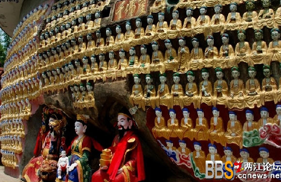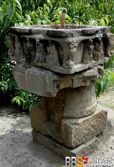 古寺始建于明正统年间,鼎盛时有天王、燃灯、大佛、玉皇、观音、阎君六殿。数百年变迁,旧殿荒败,但留下了往日的布局与无数珍贵的文物。漫步其间,如入艺术殿堂。十余尊明代石雕佛像,神态各异,身姿匀称,衣褶饰物细腻逼真。神殿前,两只香炉均为镂空石雕,莲花、浮云、鸟兽栩栩如生;还有颈系银铃的小白象、憨态可掬的幼雄狮,无不体现出古代工匠独到的人格化构思与精湛的石雕技艺。庭院里还散落着一些明清时代的碑文题刻。明隆庆六年,江津候补知县正堂高谔的重修朱羊寺题记最为完整。
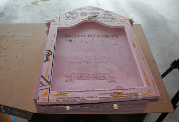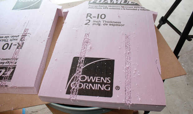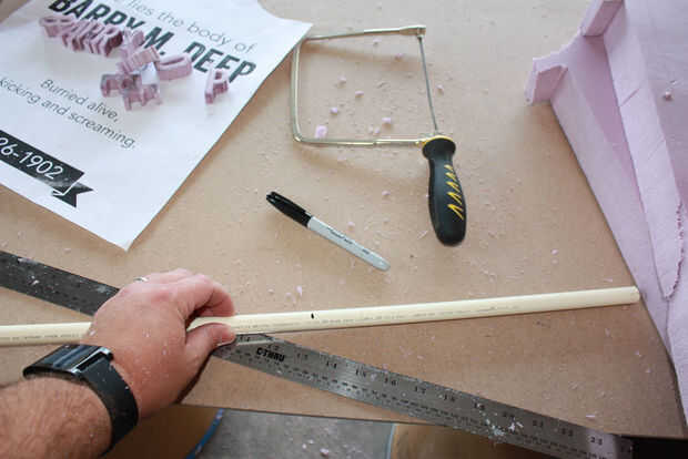 Realmente me quedo sin pegamento de Junta de espuma cuando me estaba haciendo esto. Y no me sentía como correr, usé el pegamento gorila para todo esto. Luego necesitas hacer los cortes para las tuberías en que serán el soporte para la piedra sepulcral en su jardín. Me mide en cerca de 4 pulgadas de cada lado y 12 pulgadas para arriba. Utilizando la Dremel y una broca de corte, es necesario retirar el material de que está ahí para hacer el canal para los tubos. Hice mi cortes demasiado profundos, así que asegúrese de que su profundidad en su Dremel está llamada a ser la mitad del ancho de la tubería. Pero el pegamento gorila se expande mucho así que ayudó a llenar en el espacio.
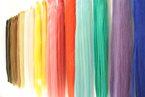 人毛やたんぱく質毛の場合はアイロンなどの使用に耐えられますが、化学繊維などの場合の多くのものは、アイロンなどの熱処理は、縮れたり熔けたりする場合があります。
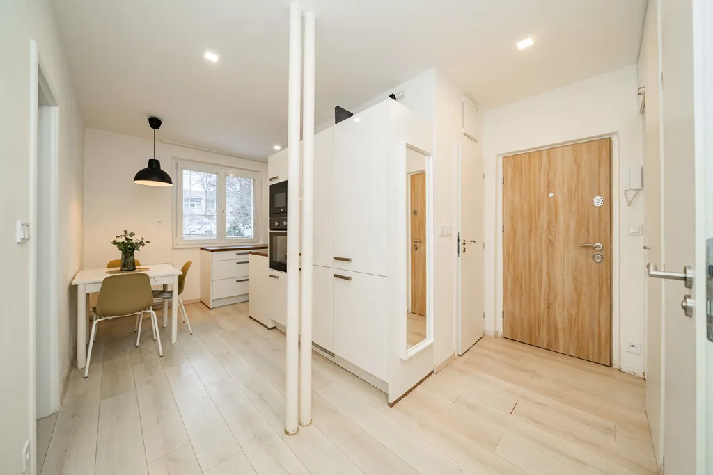Nabízíme Vám k pronájmu byt 3+1 se zasklenou lodžií o celkové ploše 70 m2. Byt je umístěn ve zvýšeném přízemí panelového domu po kompletní revitalizaci. Byt má velmi praktické dispozice a prošel v nedávné době celkovou rekonstrukcí včetně nového bytového jádra, rozvodů, kuchyně, podlahových krytin a nyní je čerstvě vymalován. Byt působí velmi vzdušně, což je způsobeno moderním propojením vstupního prostoru s jídelnou a kuchyní. Ta je vybavena kuchyňskou linkou se spotřebiči (varná deska, digestoř, trouba, myčka, lednice Dále jsou k dispozici tři samostatné pokoje. Ložnice je částečně vybavena manželskou postelí s matracemi, skříněmi a je z ní umožněn vstup na lodžii bytu. Obývací pokoj se sedací soupravou a křesli. Poslední pokoj je nyní prázdný. V chodbě bytu jsou vestavné skříně jejichž součástí je i velmi sofistikovaně schovaná pračka. Koupelna se sprchovým koutem a toaleta oddělená. V suterénu domu je sklep, který náleží k bytu. Velkou výhodu bytu je jeho lokalita, která snoubí klidné místo pro život, kompletní síť obchodů a služeb a především těsnou blízkost metra i tramvají (stanice Bořislavka).
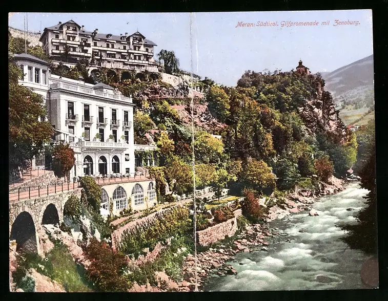Klapp-AK Meran, Gilfpromenade mit Zenoburg
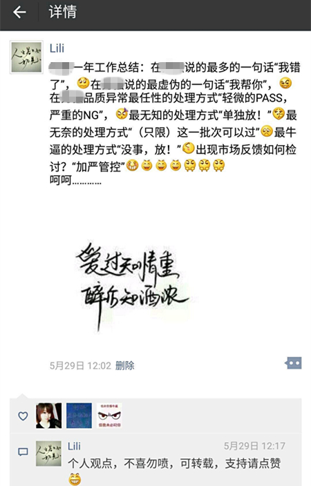 在一条标题为“一年工作总结”的朋友圈信息中,李先生如此写到:说的最多的一句话是“我错了“,说的最虚伪的一句话是“我帮你”,在品质异常最任性的处理方式是“轻微的pass,严重的NG……”
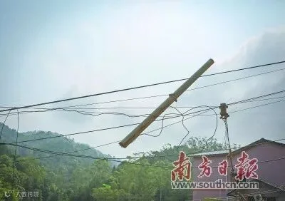 信宜市新宝镇道路上,一条电线杆被电线拉扯到半空。
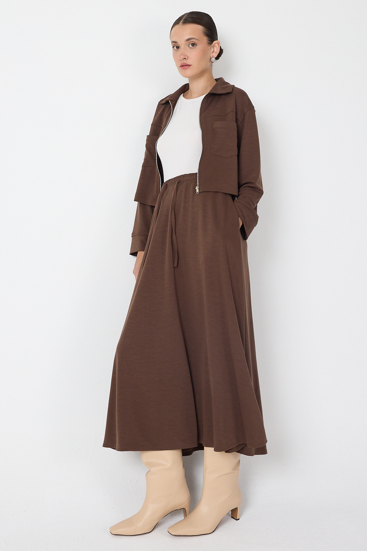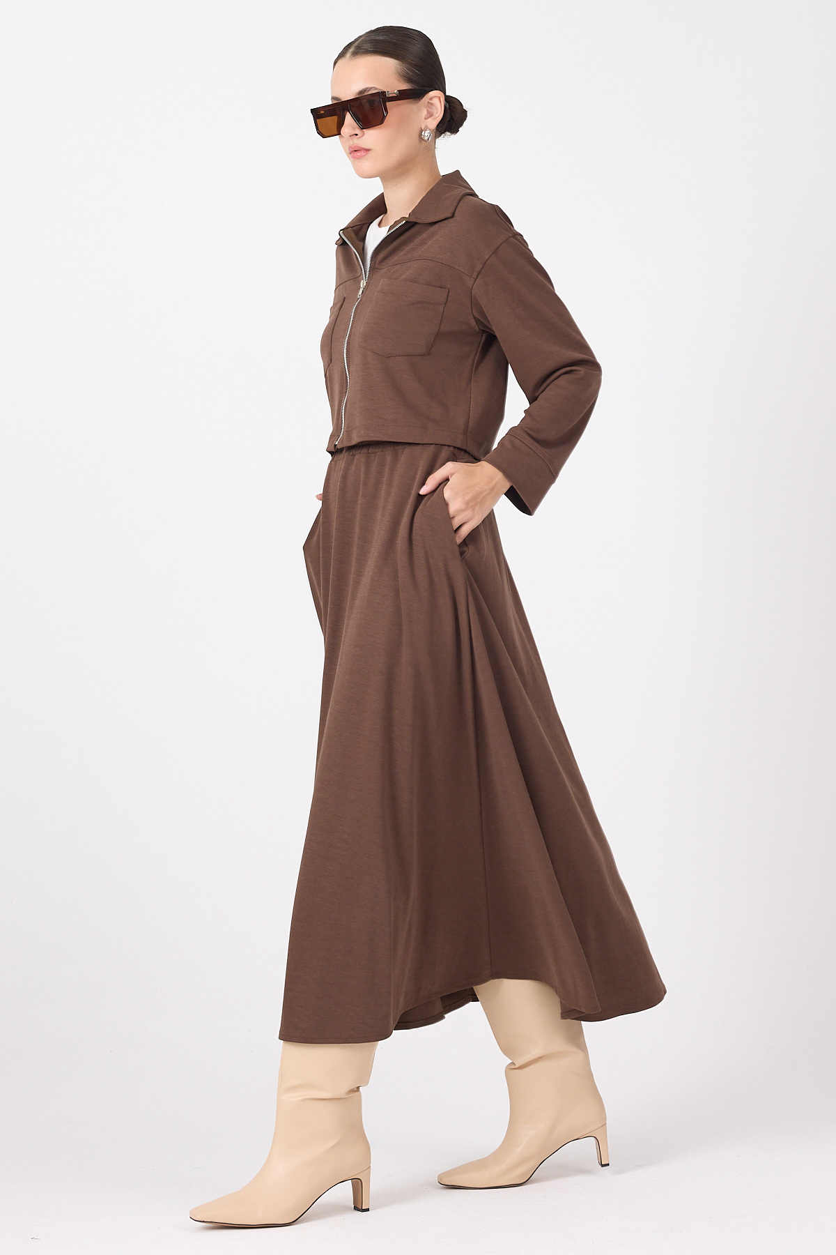 Kahve Yumuşak Dokulu Ceket Etek Takım 8150A
******************************
→ **PROBLEM REQUIREMENTS**
Write out exactly the lines of the material above, starting with the first and finishing with the line that contains "人毛やたんぱく質毛の場合はア", without pictures.

→ **PROBLEM SOLUTION**
 古寺始建于明正统年间,鼎盛时有天王、燃灯、大佛、玉皇、观音、阎君六殿。数百年变迁,旧殿荒败,但留下了往日的布局与无数珍贵的文物。漫步其间,如入艺术殿堂。十余尊明代石雕佛像,神态各异,身姿匀称,衣褶饰物细腻逼真。神殿前,两只香炉均为镂空石雕,莲花、浮云、鸟兽栩栩如生;还有颈系银铃的小白象、憨态可掬的幼雄狮,无不体现出古代工匠独到的人格化构思与精湛的石雕技艺。庭院里还散落着一些明清时代的碑文题刻。明隆庆六年,江津候补知县正堂高谔的重修朱羊寺题记最为完整。
 Realmente me quedo sin pegamento de Junta de espuma cuando me estaba haciendo esto. Y no me sentía como correr, usé el pegamento gorila para todo esto. Luego necesitas hacer los cortes para las tuberías en que serán el soporte para la piedra sepulcral en su jardín. Me mide en cerca de 4 pulgadas de cada lado y 12 pulgadas para arriba. Utilizando la Dremel y una broca de corte, es necesario retirar el material de que está ahí para hacer el canal para los tubos. Hice mi cortes demasiado profundos, así que asegúrese de que su profundidad en su Dremel está llamada a ser la mitad del ancho de la tubería. Pero el pegamento gorila se expande mucho así que ayudó a llenar en el espacio.
 人毛やたんぱく質毛の場合はアイロンなどの使用に耐えられますが、化学繊維などの場合の多くのものは、アイロンなどの熱処理は、縮れたり熔けたりする場合があります。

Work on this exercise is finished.